The process started several years ago following the publication of a report from the Council of Canadian Academies that identified patchy progress in terms of pay equity for women, even at the highest professional ranks. (American universities found similar inequities – check out the report from the American Association Professors for more information.)
McMaster began evaluating their own gender pay issues following the study, and found a $3,515 pay gap that couldn’t be justified by discipline or rank.
Faculty members have reportedly responded favorably to the subsequent action.

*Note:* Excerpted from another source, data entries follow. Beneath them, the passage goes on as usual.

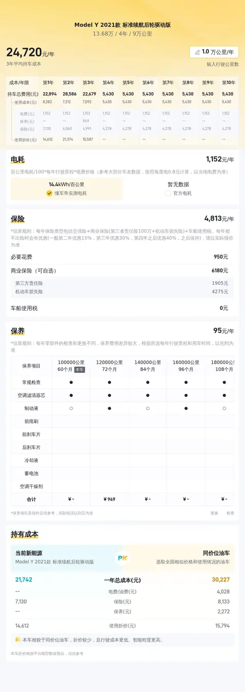 据估算,Model Y 2021款 标准续航后轮驱动版的用车成本是2509元/年,同级车最低是1117元/年,最高是4871元/年,所以它的用车成本偏低。
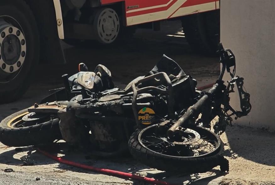 Συναγερμός στη λεωφόρο Ηρακλείου: Φωτιά σε μοτοσικλέτα της ομάδας ΔΙ.ΑΣ
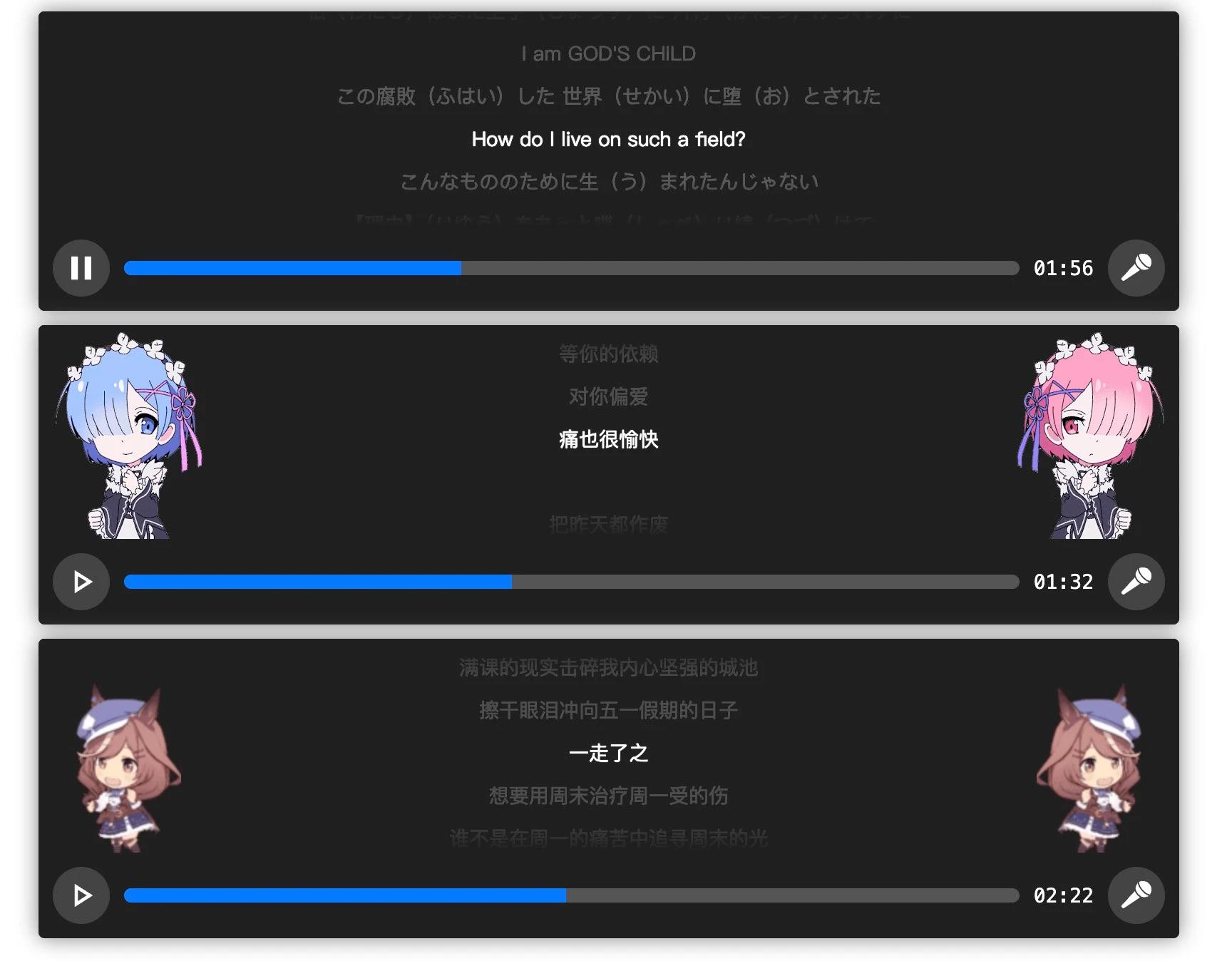 相对于上版本更新内容:支持对播放器加class来实现是否调用动漫小人【可以看默认的三个实例如下图】,解决多个播放器组件在同一页面下切换不流畅bug
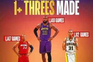 据统计,本场比赛过后,詹姆斯生涯至今已经有1148场比赛至少命中1记三分,超越雷-阿伦(1147)独霸历史第一,雷吉-米勒(1112场)排名历史第三。
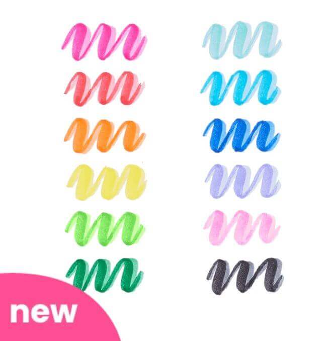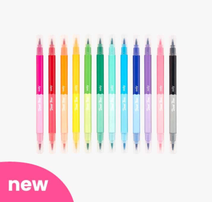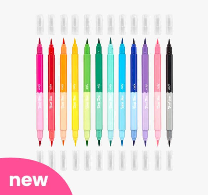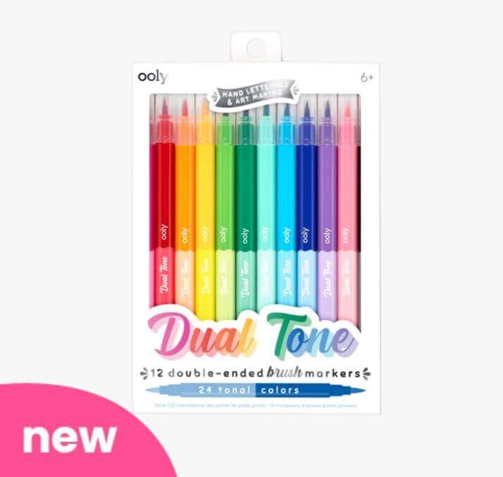 This set of 12 brush markers gives you double the color options. One end of the dual ended marker has a darker color-the other end a lighter complementary color. Brush markers are great for art and craft projects, creating elegant writings or colorful doodling. All 24 brush marker colors feature acid free inks.
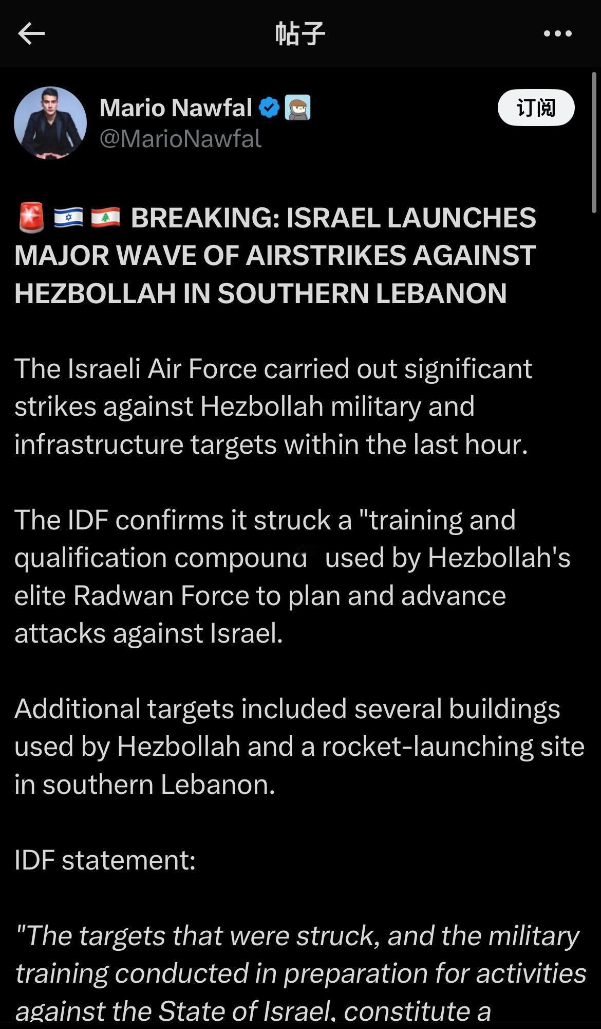 突发:以色列对黎巴嫩南部真主党发动大规模空袭 在过去一小时内,以色列空军对真主党的军事和基础设施目标进行了大规模打击。 以色列国防军证实,他们袭击了真主党精锐部队拉德万部队用于策划和推进对以色列袭击的“训练和资格认证基地”。 其他目标包括真主党使用的几栋建筑物和黎巴嫩南部的一个火箭发射场。 以色列国防军声明: “袭击目标以及为针对以色列国的活动而进行的军事训练,违反了以色列和黎巴嫩之间的谅解,并对以色列国构成威胁。” 拉德万部队是真主党最强大的部队,负责跨境行动,被认为是任何地面入侵以色列北部行动的先锋。 资料来源:以色列国防军,《以色列时报》
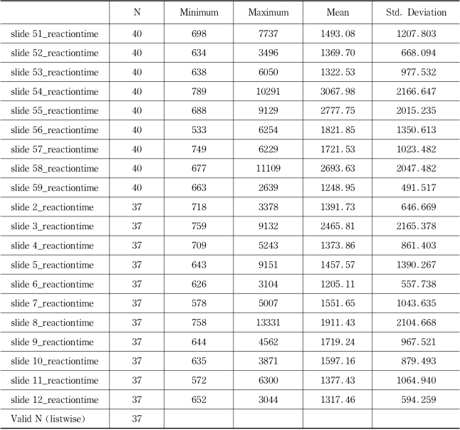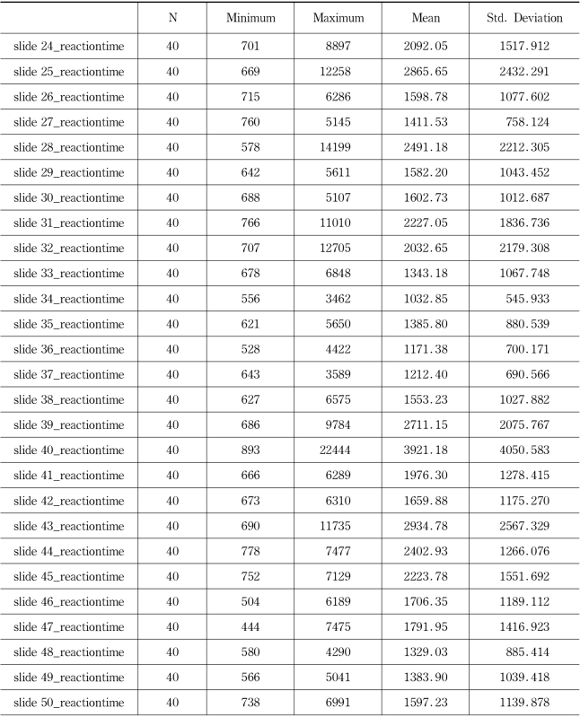 Table 7.7 Descriptive statistics of the reaction time for each slide
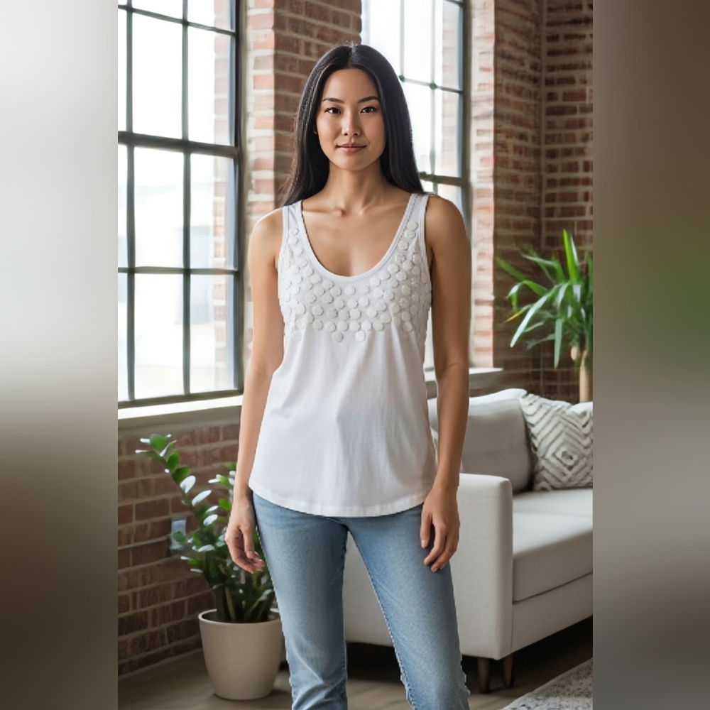Chic and stylish white tank top with elegant embellishments. Perfect for any occasion.
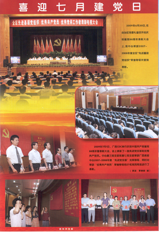 2009年6月30日,在自治区召开的庆祝建党88周年表彰大会上,广西疾控中心荣获2007-2008年度全区“先进基层党组织”荣誉称号并受到表彰。
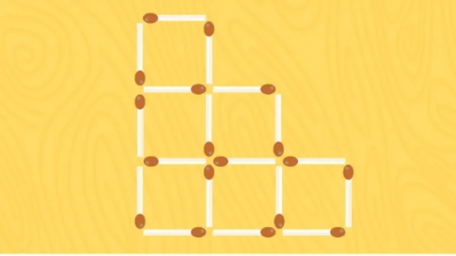 Смотрите на картинку: изображена лесенка из квадратов. Ваша задача — переставить спички так, чтобы в итоге осталось ровно 4 квадрата одинакового размера. Для этого нужно передвинуть всего 2 спички на новые позиции.
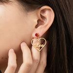 Heart Drop Earrings with Stone
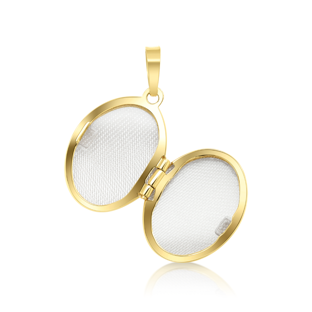 Pandantiv din aur galben de 14K. Acesta poate fi personalizat cu două fotografii.
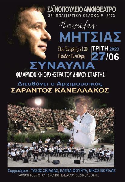 ΜΑΝΩΛΗ ΜΗΤΣΙΑ και την ΦΙΛΑΡΜΟΝΙΚΗ ΟΡΧΗΣΤΡΑ ΔΗΜΟΥ ΣΠΑΡΤΗΣ». Τη συναυλία θα
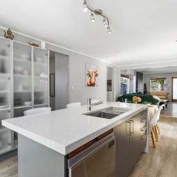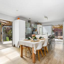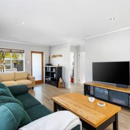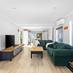 The sun-filled three-bedroom home features a well-designed open-plan layout, where the kitchen, dining and living areas flow seamlessly outdoors. The kitchen opens directly onto the deck, creating an effortless connection to the outdoor entertaining areas - perfect for summer BBQs, family gatherings and relaxed evenings with friends.
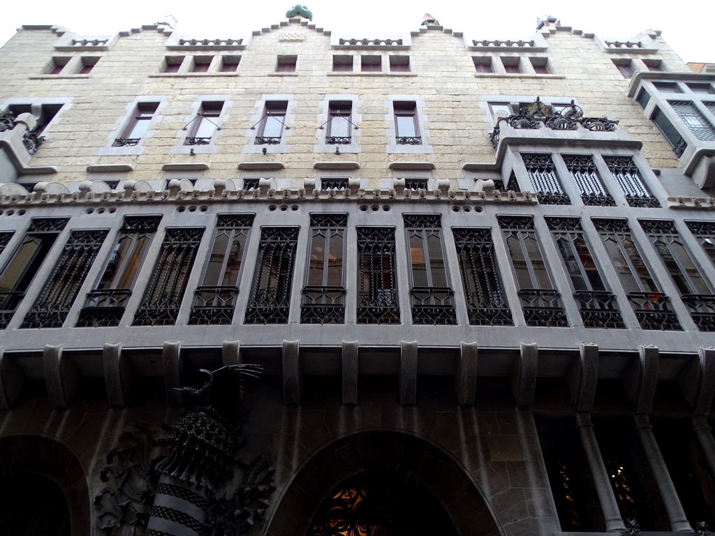 Concebido como vivienda, es un verdadero palacio de grandes dimensiones. Es el único de esta serie que no pudimos visitar por dentro, pero tanto su fachada, las aberturas en ella y particularmente la entrada muestran al maestro Gaudí en todo su esplendor creativo.
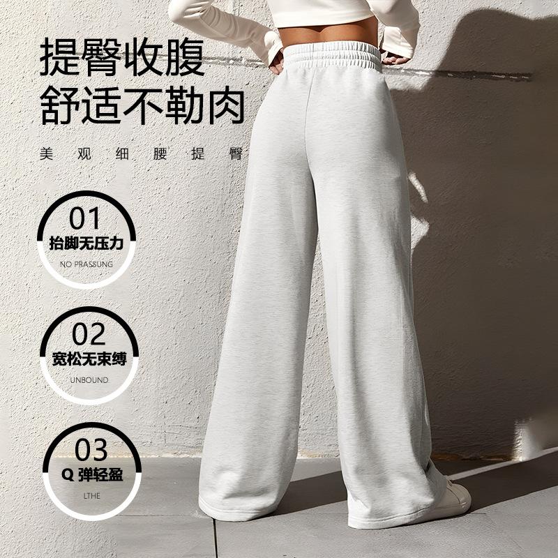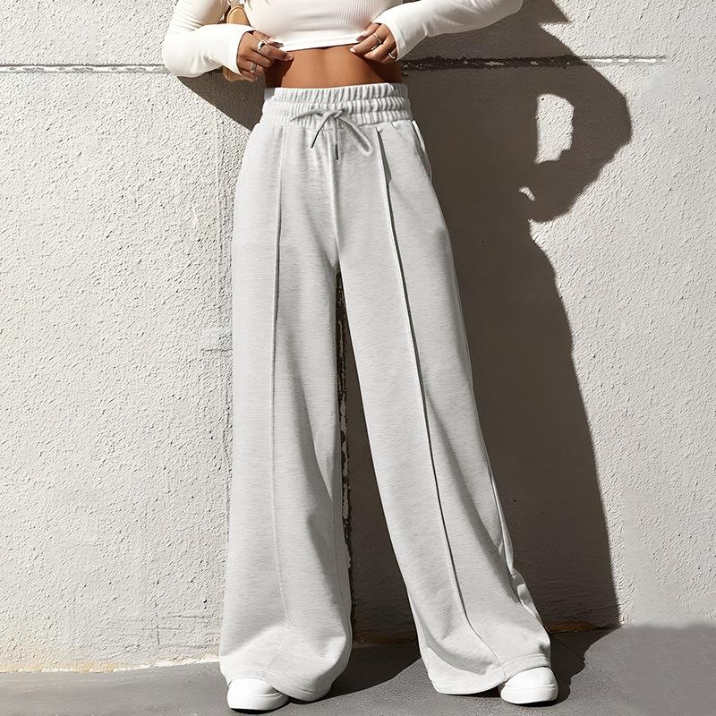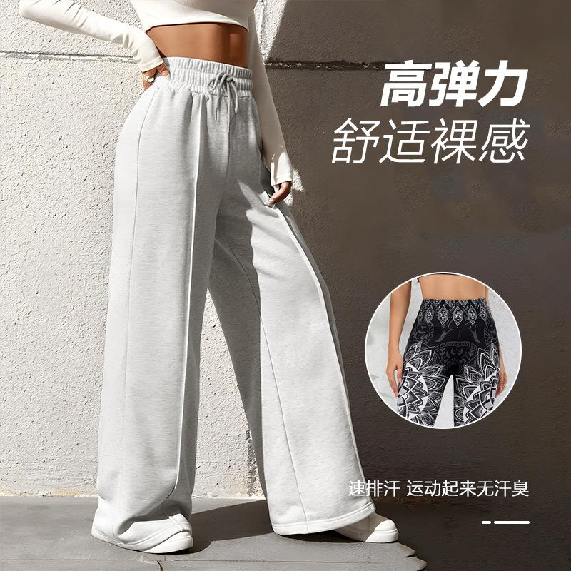 Pantalones de pierna ancha de cintura alta para mujer de venta caliente transfronteriza, pantalones deportivos casuales de línea media para jogging, pantalones casuales de moda que combinan con todo
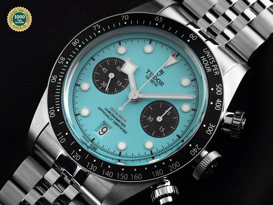 Tudor Black Bay Chronograph Stahl Automatik Chronograph Armband StahlGehäuse Edelstahl poliert und satiniert, Gehäusedurchmesser ohne Krone 41mm, Gehäusehöhe 14,4mm. Lünette Edelstahl mit schwarzem Inlay und Tachymeterskala. Armband Edelstahl poliert und satiniert, Sicherheitsfaltschließe Edelstahl mit Hersteller-Logo. Zifferblatt türkis mit aufgesetzten Leuchtindexen und Edelstahl Leuchtzeigern sowie schwarzen Hilfszifferblättern. Uhrwerk Automatik, Chronograph, Chronometer mit Zeugnis (COSC), Kaliber Tudor MT5813, Gangreserve ca. 70 Stunden. Anzeige von Stunde und Minute über Zeiger aus der Mitte, kleine Sekunde mit Sekundenstopp zur sekundengenauen Einstellung der Uhrzeit bei 9 Uhr, Datumsanzeige mit Schnellverstellung bei 6 Uhr. Saphirglas kratzfest. Krone verschraubbar mit Hersteller-Logo, Chronographen Drücker verschraubbar. Boden Edelstahl verschraubt und graviert. Gewicht der Uhr inklusive Armband 165g, Länge des Armbandes inklusive Gehäuse 170mm. Wasserdicht bis 20 ATM. Referenznummer: M79360N-0024, ID: P1789176001025H-12500/5870, Artikelnummer: 10000082816. Original Tudor Box mit Umkarton und Garantie Papiere von August 2025 sowie Beschreibung und Watchregister Auszug von Oktober 2025, The Watch Register Zertifikat / ohne Eintrag (Internationale Datenbank für verlorene oder gestohlene Uhren), Full Set. Ungetragen. Lieferzeit sofort.
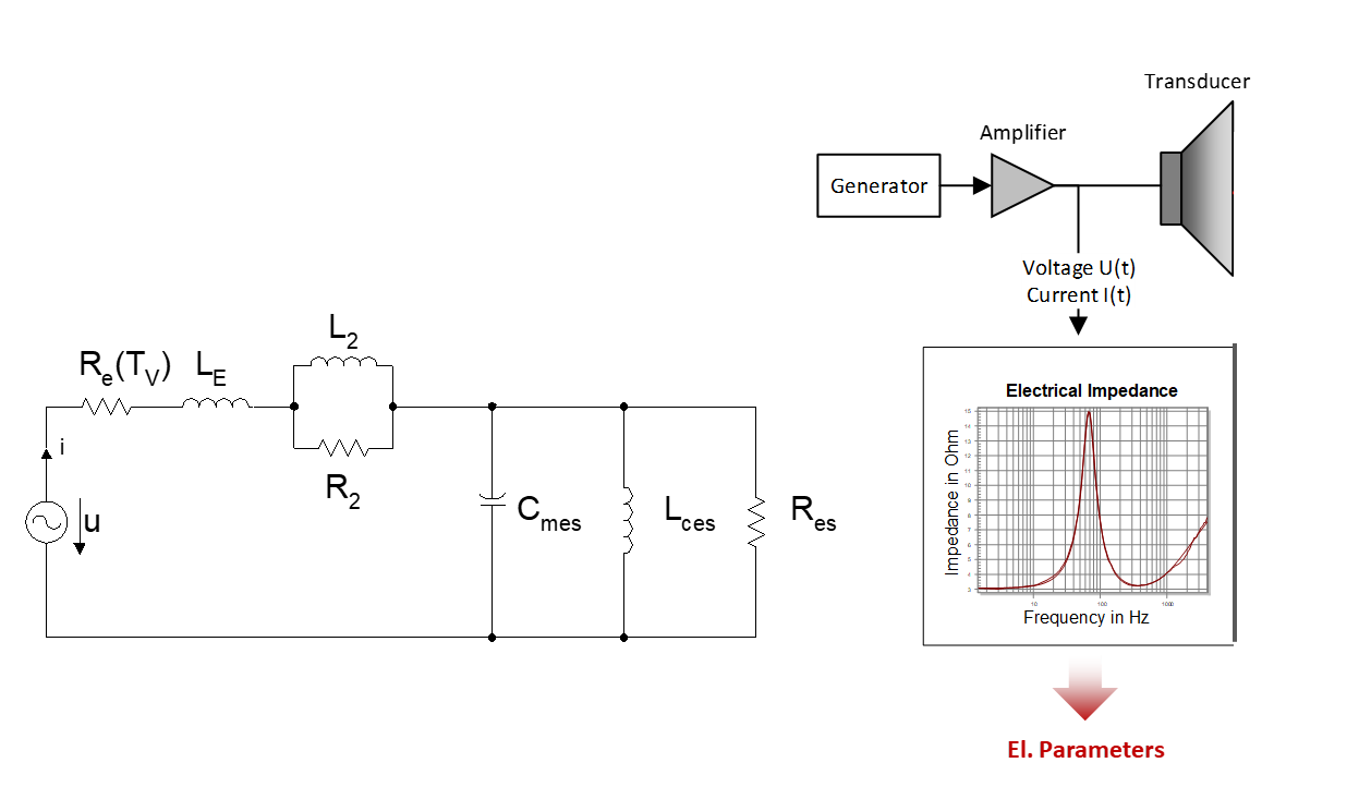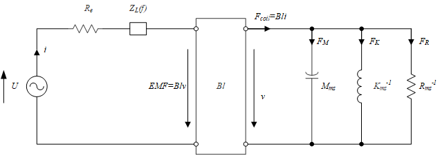 At low frequencies, the wavelength is much larger than the geometrical dimensions of the transducer. The mechanical system can be modeled by lumped parameters, as shown in the electro-mechanical equivalent circuit model below. The left side of the circuit represents the electrical properties of the voice coil, while the right side describes the mechanical system of the transducer – a damped mass-spring-resonator.
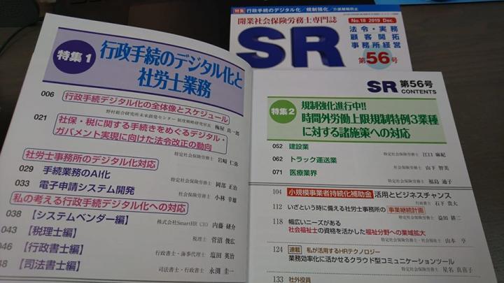 日本法令 開業社会保険労務士専門誌 SR 第56号(2019年12月号)の連載記事『私が活用するHRテクノロジー』に”業務効率化に活かせるクラウド型コミュニケーションツール”というテーマで記事を書かせていただきました。

David Wilkinson, McMaster’s academic vice president and provost said:
“This amounts to 1 percent of our base budget, and certainly nobody, I think, questions that this is the right thing to do.”
Now the question becomes, will these efforts permanently counter the gender wage gap at McMaster, or will these trends resurface over the course of the next few years or decades? Only time will tell, but the university says they are committed to following up on these issues in the years to come, and they are working on other initiatives to support ending gender-based discrepancies, such as making changes to a parental leave policy and creating different training modules. Their vigilance, and the decision to increase female faculty members’ wages across the board before the new school year, is certainly a solid step in the right direction.